Methods — This is a population-based study measuring waiting times for RT in Ontario among all patients with potentially curable cancer of the cervix, tonsil and larynx and a random sample of women who had had breast cancer resection, whose first date of RT fell between Sept. 1, 2001, and Aug. 31, 2002. Abstraction of original health care records provided each patient's demographics, cancer stage and cancer treatment (last surgery, consultation, simulation, first RT). Last dates of chemotherapy before RT were obtained from abstraction or from Ontario Health Insurance Plan (OHIP) files, and last dates of surgery before RT were compared with dates in the Canadian Institute for Health Information (CIHI) Discharge Abstract Database.

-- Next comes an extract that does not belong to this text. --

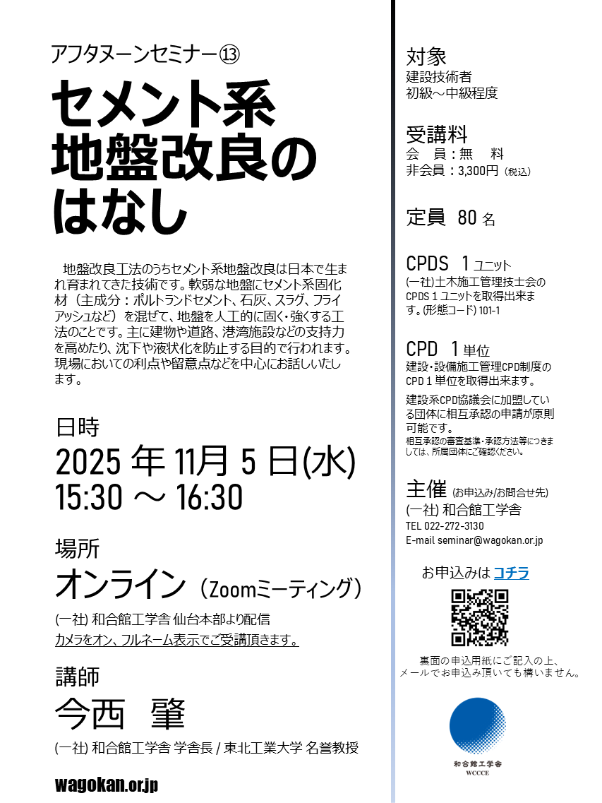 和合館工学舎では、令和7年11月5日(水)15時半より、アフタヌーンセミナー⑬「セメント系地盤改良のはなし」をオンライン開催致します。

Results — Waiting times between the last date of surgery or chemotherapy and the first date of RT varied significantly among the health regions of Ontario. Increasing age, but not the presence of comorbidity, was associated with longer waiting times. Women who did not receive postoperative chemotherapy before RT for breast cancer waited significantly longer than all others.
Conclusion — Measurement of waiting times for cancer RT must discount time during which adjuvant intravenous chemotherapy is administered after surgery and before RT. There appears to be a formal or informal process by which those at highest risk begin RT most rapidly.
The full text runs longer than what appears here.